U.S. Bureau of Fisheries
- Name: SS Roosevelt
- Namesake: Previous name retained
- Acquired: 1915
- Commissioned: 1917
- Fate: Transferred to United States Navy 18 March 1918
- Acquired: Transferred from U.S. Navy 11 June 1919
- Fate: Sold into commercial service 15 July 1919; Beached and abandoned 21 January 1937;

United States Navy
- Name: USS Roosevelt
- Namesake: Previous name retained
- Acquired: Transferred from U.S. Bureau of Fisheries 18 March 1918
- Commissioned: 18 March 1918
- Decommissioned: 1919
- Identification: SP-2397
- Fate: Transferred to U.S. Bureau of Fisheries 11 June 1919

General characteristics as Bureau of Fisheries vessel
- Type: Cargo liner
- Tonnage: 654 GRT
- Displacement: 1,600 tons
- Length: 182 ft (55 m)
- Beam: 35 ft 6 in (10.82 m)
- Draft: 16 ft (4.9 m)
- Propulsion: Compound steam engine, 1,000 hp (845.7 KW), one screw
- Speed: 8 knots (15 km/h; 9.2 mph)

General characteristics as U.S. Navy vessel
- Type: Patrol vessel
- Displacement: 1,600 tons
- Length: 182 ft (55 m)
- Beam: 35 ft 7 in (10.85 m)
- Draft: 16 ft (4.9 m)
- Speed: 8 knots (15 km/h; 9.2 mph)
- Armament: 3 x 3-pounder guns

= SS Roosevelt (1905) =

American steamship

SS Roosevelt was an American steamship of the early 20th century. She was designed and constructed specifically for Robert Peary′s polar exploration expeditions, and she supported the 1908 expedition in which he claimed to have discovered the North Pole.

After her career with Peary, Roosevelt saw commercial use as a tug. She also operated as a United States Bureau of Fisheries supply ship and served as a United States Navy patrol vessel during World War I.

== Design and construction ==

LEFT: The hull of SS Roosevelt under construction. RIGHT: The system of trusses that braced the hull against ice pressure.

United States Navy Commander Robert Peary designed Roosevelt specifically for operations in support of his Arctic exploration expeditions. His design attempted to incorporate the best features of previous polar exploration ships with innovations that would give her first-of-their-kind capabilities.

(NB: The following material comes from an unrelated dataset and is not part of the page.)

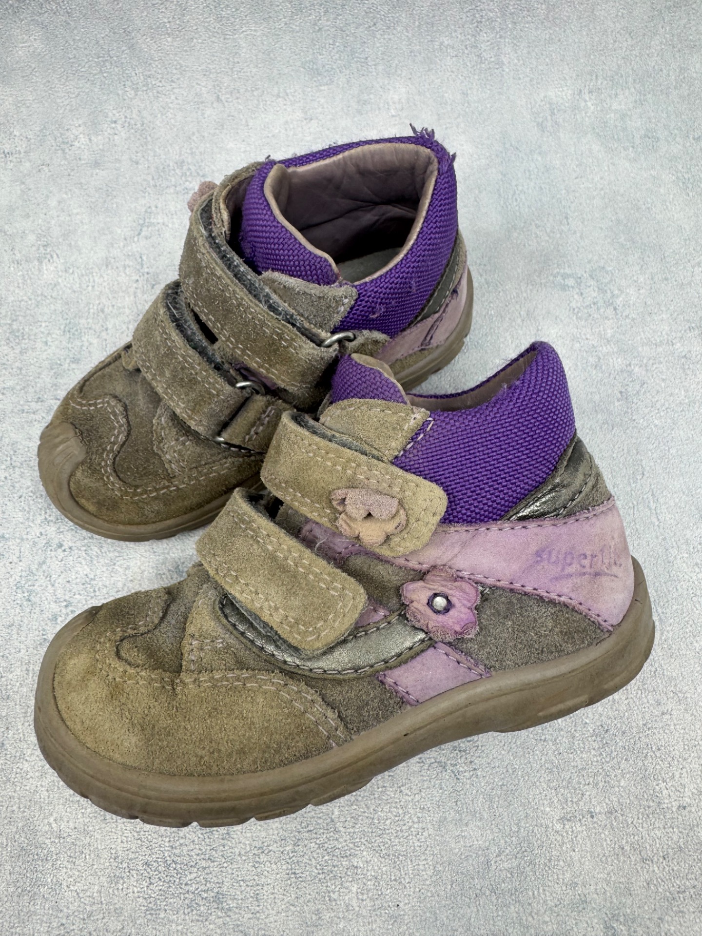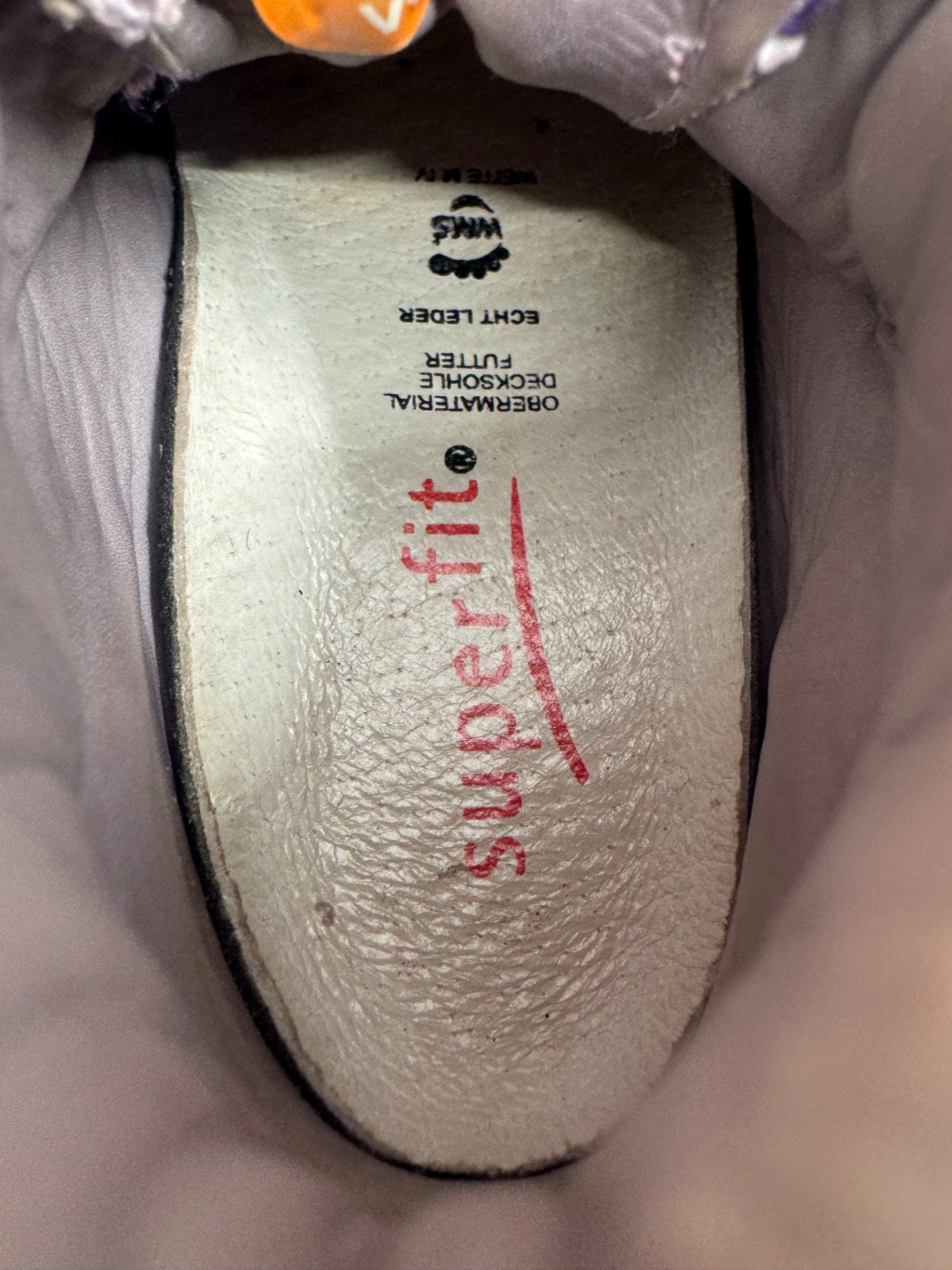 Hyväkuntoiset Superfitin kengät. Pientä käytönjälkeä, yleisilme oikein siisti. Tarrat pitää erinomaisesti.

Peary designed the ship along the same lines as the Norwegian explorer Fridtjof Nansen's schooner Fram, with the capability both to push through large floating ice packs and squeeze through and between ice fields. Roosevelt was a schooner with an ice-strengthened flexible wooden hull sheathed in steel and braced by a unique system of trusses. The wooden construction of her hull gave it both strength and the flexibility to bend rather than break when ice struck it or pressed against it, and her hull planking was assembled through a lamination process that gave her hull greater strength than a single piece of wood could provide. Her hull was 30 in thick in places and was egg-shaped, a design that would allow her to rise and ride above sea ice that pushed against her below the waterline – almost popping up out of the ice – rather than be crushed by it. Her bow and stern both had 1 in steel plating; the bow plating extended from her keel to 3 ft above the waterline and 10 ft aft, while the stern plating also extended from the keel to above the waterline and extended 14 ft forward. Between the bow and stern plating, a layer of steel 3/8 of an inch (0.95 cm) thick and 6 ft tall extended along the waterline.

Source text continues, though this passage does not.